Él… tenía que ser un no-cultivador.

¿Cómo podría alguien así ser digno de estar al lado de Jingxue-Jun?!

—Shan-xiong, ¿me estás escuchando?!

—preguntó Ling Chuwei.

—¿Hm?

—Shan Duoyin salió de sus pensamientos cuando Ling Chuwei le sacudió los hombros con fuerza—.

¿Has dicho algo?

—Estaba preguntando, ¿viste la cara de esa persona o no?

—resopló Ling Chuwei.

—No… —Shan Duoyin se sentía mareado.

Necesitaba sentarse en algún lugar para asimilar el hecho de que Jingxue-Jun podía sonar tan suave y mirar a alguien con una mirada tan apasionada.

Su corazón se retorcía incómodamente al recordarlo y se sintió levemente náuseas—.

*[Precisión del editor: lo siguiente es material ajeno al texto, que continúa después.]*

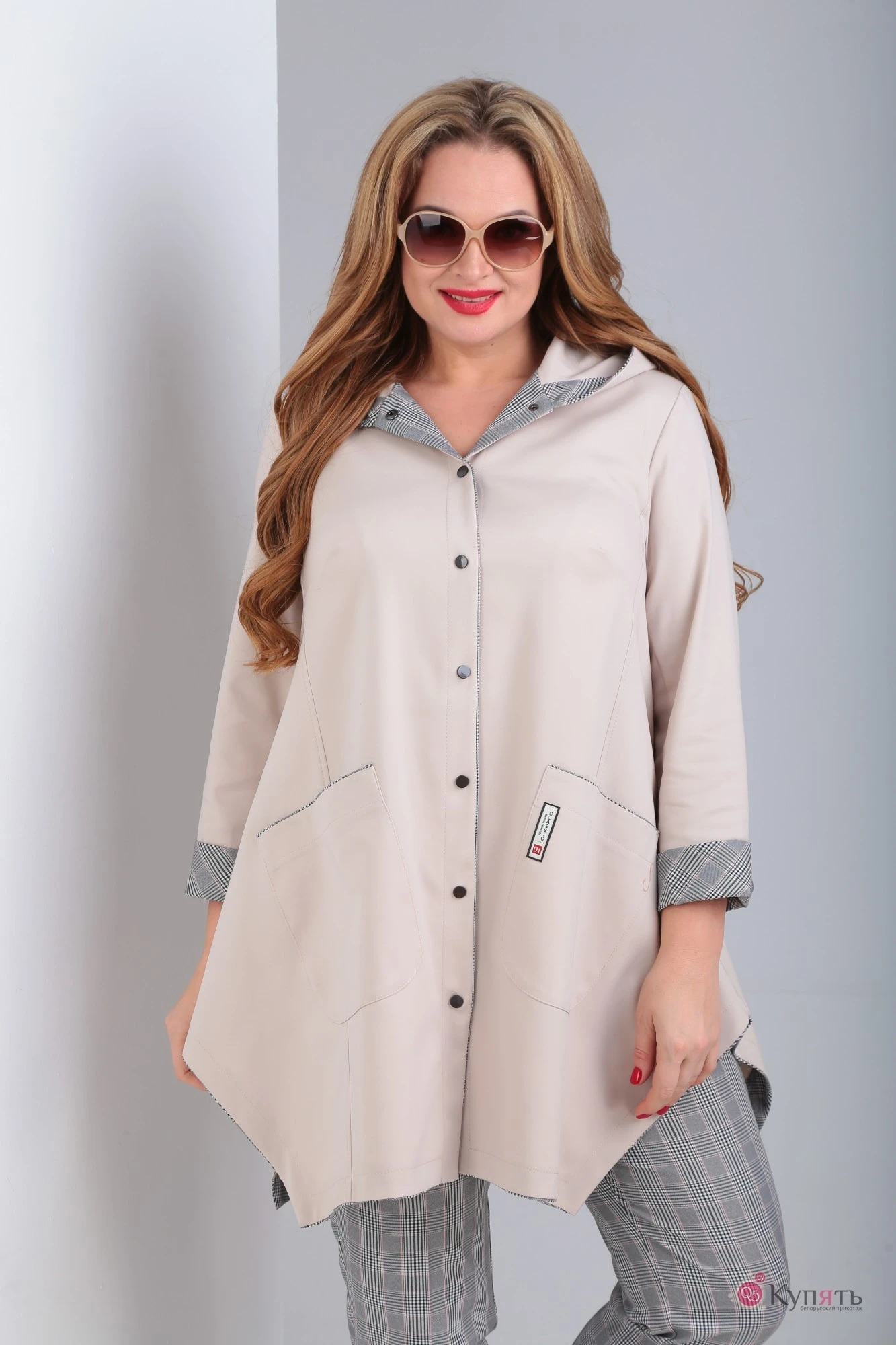 52,54,56, 58Плащ выполнен из ткани с натуральными волокнами и эластаном, центральная застежка сквозная до низа на кнопки. Полочки с рельефными линиями и нагрудными вытачками, ниже расположены наклонные накладные карманы с отделочными элементами. Горловина округлая с втачным капюшоном сзади с отделкой из ткани в клетку. По спинке центральный шов, низ фигурной формы с боковыми подрезами и обработан обтачкой из отделочной ткани в клетку. Рукав втачной двухшовный, длиной 7/8, внизу рукава отложной манжет из отделочной ткани. Брюки прямые, чуть заужены к низу, полуприлегающего силуэта с посадкой на талию, пояс притачной с частично вставленной тесьмой-резинкой, по переду- застежка на петлю-пуговицу. По переду брюк застежка гульфик на тесьму-молнию, от боковых швов выполнены наклонные внутренние карманы, внизу брюк отложные манжеты. Длина брюк до щиколотки.
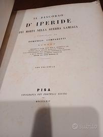 In vendita importante volume di interesse filologico e archeologico: "Il Discorso d'Iperide pei morti nella Guerra Lamiaca", curato dal celebre filologo Domenico Comparetti, pubblicato a Pisa nel 1864 (Tipografia dei Fratelli Nistri).
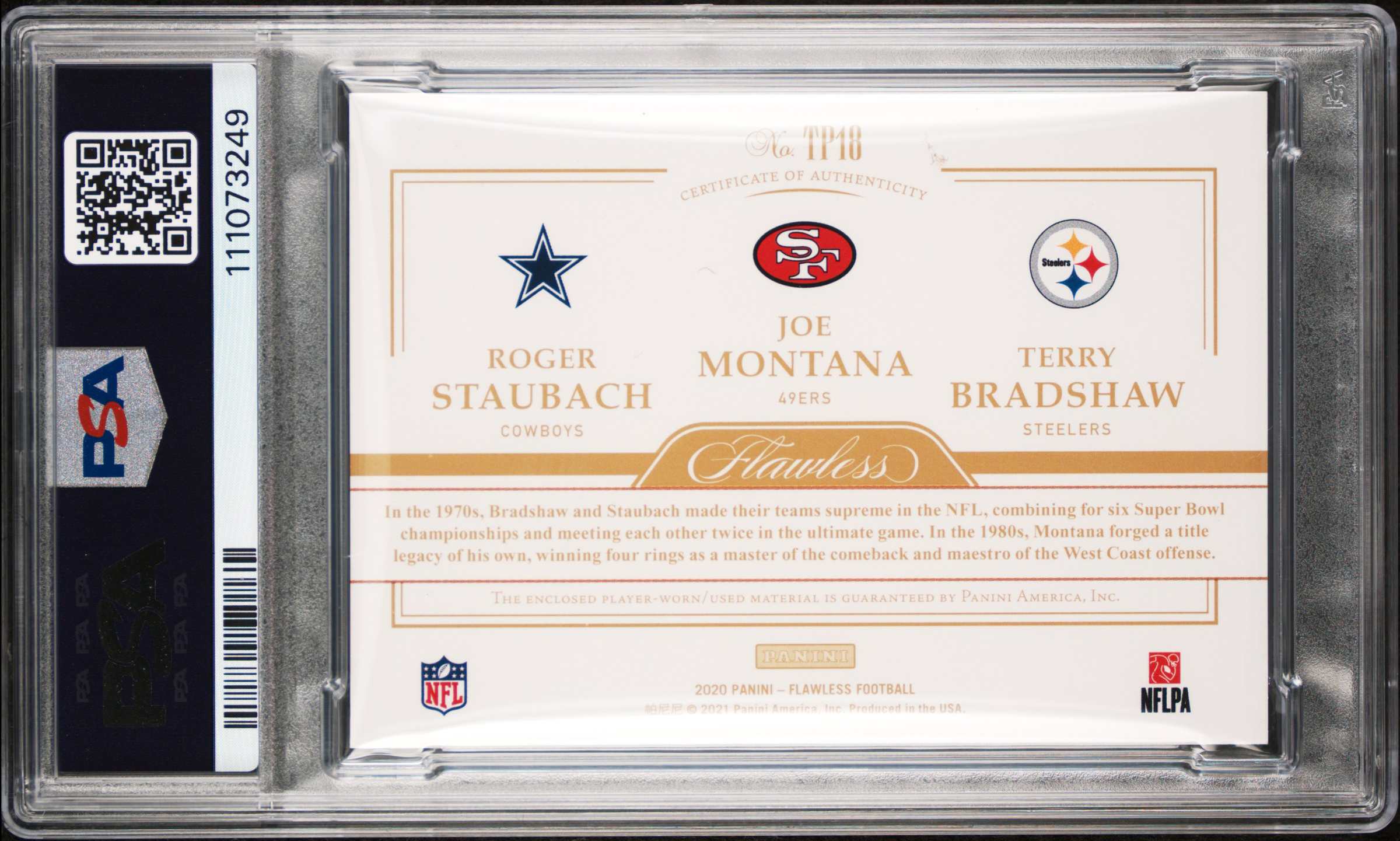 This Autographed Auto Graded Gem Mint 10! 2020 Panini Flawless Triple Patches #TP18 #25/25 Card has been Personally Signed by Roger Staubach, Joe Montana & Terry Bradshaw. This item is 100% Authentic, it comes slabbed and authenticated by PSA/DNA. The authenticity can be verified on Professional Sports Authenticator website.

Jingxue-Jun estaba protegiendo a esa persona muy estrechamente.

—¡Hmph!

—Ling Chuwei entrecerró los ojos—.

Lan’er… Lan’er… —Un brillo depredador y agudo brilló en sus ojos—.

¡Lan’er, definitivamente descubriré quién es!

¡Quién diablos se creía él para llamar a Jingxue-Jun ‘Yi-gege’?!

¡Era solo Ling Chuwei quien tenía permiso de llamarlo ‘gege’, de acuerdo?!

Ahora que era una cultivadora adecuada y la hija del Líder de Secta, tenía que seguir las reglas y tratar a Jingxue-Jun con la cortesía que correspondía a su estatus.

¡No solo eso, tampoco podía llamarlo ‘gege’ como solía hacerlo!

Se enfurecía de rabia.

¡Lan’er… no iba a parar hasta que descubriera quién era ese hombre!